Comme un Poutine accuse les Ukrainiens des violences et tortures que ses propres troupes infligent aux populations civiles, ce gouvernement et son exécuteur des basses œuvres, accusent de violences les victimes d’un système qu’ils cautionnent et soutiennent avec de l’argent public et force de lois votées par un régiment d’élus aux ordres. Des gouvernants qui deviendront probablement des conseillers et autres advisor chèrement payés de ce même système, retraite très spéciale empochée, leur mandat terminé.

Non, messieurs Macron et Darmanin, la violence illégitime est du côté du système capitaliste, libéral, sans éthique, que vous protégez, dont vous êtes complices. Le désarmement de projets écocidaires, déshumanisants, prédateurs de ressources communes, est un acte de LÉGITIME DÉFENSE.

Lorsque vous envoyez des troupes surarmées face à des manifestations populaires, légitimes, qui défendent ni plus ni moins que leur survie dans un monde dévasté par vous et vos coreligionnaires, par le système que vous soutenez, vous êtes à l’origine des violences. Dans les années et les décennies qui viennent, Nous le peuple, auront besoin d’eau et de terres encore fertiles pour survivre sans être rackettés par les marchands, industriels et spéculateurs de vos amis.

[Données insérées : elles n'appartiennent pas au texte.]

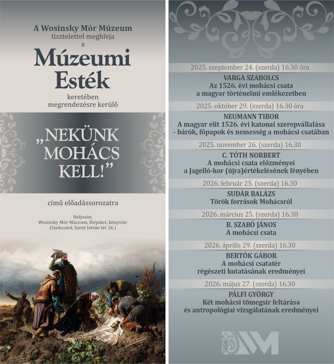 - 2026. február 25. (szerda) 16.30 – Wosinsky Mór Múzeum:nMúzeumi Esték: Török források Mohácsról – dr. Sudár Balázs előadása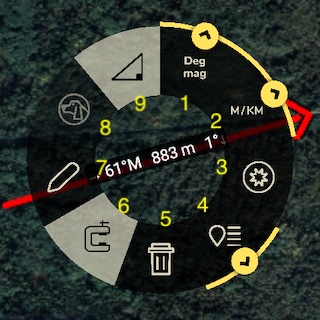 См. раздел Ищейка (Bloodhound) для получения более подробной информации об опции кругового меню Ищейка (Bloodhound) (8). Выберите круговое меню Поменять единицы измерения угла (1), чтобы отобразить дополнительные опции единиц измерения угла, включая Градусы сетки (измеренные относительно фиксированных линий сетки проекции карты), Тысячные сетки, Градусы магнитные, Тысячные магнитные, Градусы истинные или Тысячные истинные. Выберите круговое меню Поменять единицы измерения расстояния (2), чтобы отобразить дополнительные опции единиц расстояния, включая Морские мили, Метры/Километры или Футы/Мили. Если длина линии R&B больше примерно 30 км, линия будет следовать контуру земли, а не будет прямой линией от одной конечной точки до другой. Чтобы внести изменения в параметры линии, выберите иконку Показать детали (4) в круговом меню.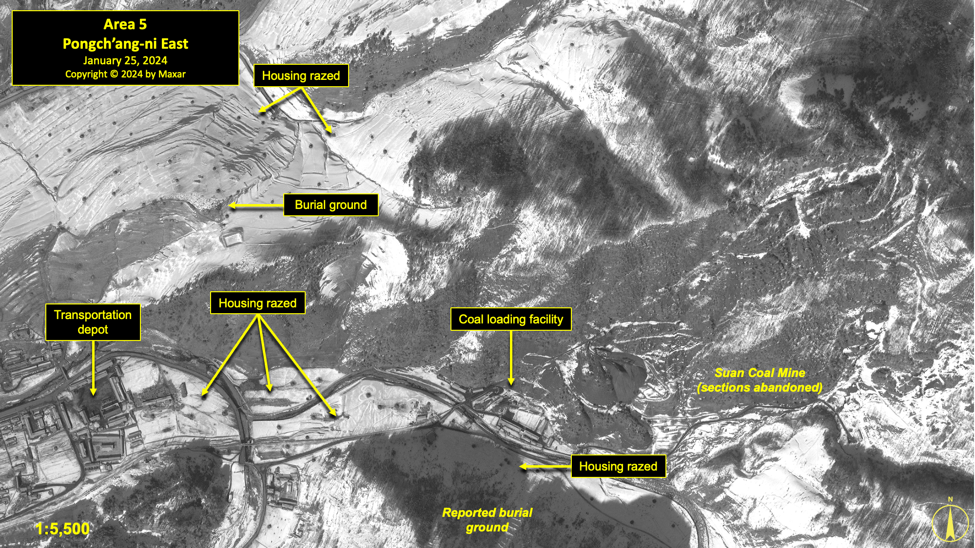 A former detainee identified a third burial ground approximately 650 meters west of the Pongch’ang-ni coal loading station and immediately east of a small unnamed village, where 23 buildings were razed between 2013 and 2017Ibid.[42]with the previous two locations, except for typical agricultural activity, this area has remained unchanged in satellite imagery since at least 2007. Satellite imagery has not detected any indications of burial sites.

Les agissements violents ne peuvent être attribués aux Soulèvements de la terre, qui n’est pas une organisation selon vos critères mais un mouvement, un réseau, un collectif sans têtes ni hiérarchie, diffusant et solidarisant dans les couches populaires de tous les territoires.

Et puis, Monsieur Darmanin, vous qui avez bien du mal à condamner, encore plus à contenir et réprimer, les violences, physiques et virtuelles, de l’extrême droite, à bloquer les incursions commandos qui perturbent les manifestations syndicales, qui couvrez les violences policières, avez-vous la légitimité nécessaire pour nous qualifier d’écoterroristes ?

Allez-vous dissoudre l’intersyndicale prétextant des violences et dégradations collatérales aux manifestations pacifiques contre la réforme des retraites ? Je ne doute pas que vous y pensiez en vous rasant le matin. Mieux, allez-vous demander la dissolution du cimentier Lafarge qui a financé la violence d’un groupe terroriste en Syrie ? Ou d’autres grandes entreprises (armement, multinationales…) qui cautionnent, utilisent la violence contre des populations innocentes : travail forcé (Ouïghours, enfants…), expropriation de petits paysans et peuples premiers, spoliation de toutes ressources « marchandisables », pollutions planétaires…

Vers un décret-baillon ?

Chères élites gouvernantes, comme vos prédécesseurs, vous protégez les intérêts privés et prédateurs contre les nécessités communes du peuple que vous dominez. Vous privilégiez votre caste, vous imprimez un rythme court-termiste pour assurer vos victoires dans le grand cirque électoral et votre domination lors de votre prochain mandat au rabais. Vous ignorez superbement, du haut de votre échelle sociale, l’avenir compromis de ces jeunes qui, pris de peur, se mobilisent contre votre pouvoir de nuisance, soutenus par des beaucoup moins jeunes comme moi.

Cher Monsieur Darmanin, vous pourrez peut-être nous pondre un décret-bâillon, avec le même objectif que ces procès-bâillons intentés par des milliardaires comme Bolloré. Mais vous n’étoufferez pas les cris d’un peuple révolté par les répressions violentes, les lois imposées autoritairement, l’appauvrissement et l’humiliation des derniers de vos cordées, la privation d’autonomie et de liberté.

Les Soulèvements de la terre vivront, sous ce nom ou sous un autre, car ils sont légitimes.